Occiglot-7B-EU5-Instruct: Multilingual Instruction-Tuned Model
Occiglot-7B-EU5-Instruct is a 7 billion parameter instruction-tuned generative language model from the Occiglot Research Collective. It is an instruct version of the occiglot-7b-eu5 base model, specifically designed to support the top-5 European Union languages: English, Spanish, French, German, and Italian, in addition to code generation. The model was fine-tuned on 400 million tokens of additional multilingual and code instructions.
Key Capabilities
- Multilingual Support: Optimized for English, Spanish, French, German, and Italian.
- Code Generation: Includes training on code instructions.

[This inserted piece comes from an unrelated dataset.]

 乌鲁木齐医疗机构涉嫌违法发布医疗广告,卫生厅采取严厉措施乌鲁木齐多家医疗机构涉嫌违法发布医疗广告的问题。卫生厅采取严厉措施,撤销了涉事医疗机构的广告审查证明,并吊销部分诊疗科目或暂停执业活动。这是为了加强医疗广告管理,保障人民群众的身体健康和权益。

- Instruction Following: Instruction-tuned using the chatml template for conversational interactions.
- Research Focus: Part of an ongoing open research project for multilingual language models.
Performance Insights
Preliminary evaluations show improved performance over its base model (Occiglot-7b-eu5) across various benchmarks, including arc_challenge, belebele, hellaswag, mmlu, and truthfulqa in both aggregated and individual language tests. It generally performs competitively with or surpasses other specialized multilingual 7B models in its target languages, though English performance is typically higher.
Important Considerations
- Safety: The model was not safety aligned and may produce problematic outputs.
- Evaluation Caveats: Non-English evaluation results are based on partially machine-translated datasets and English prompts, which may introduce bias.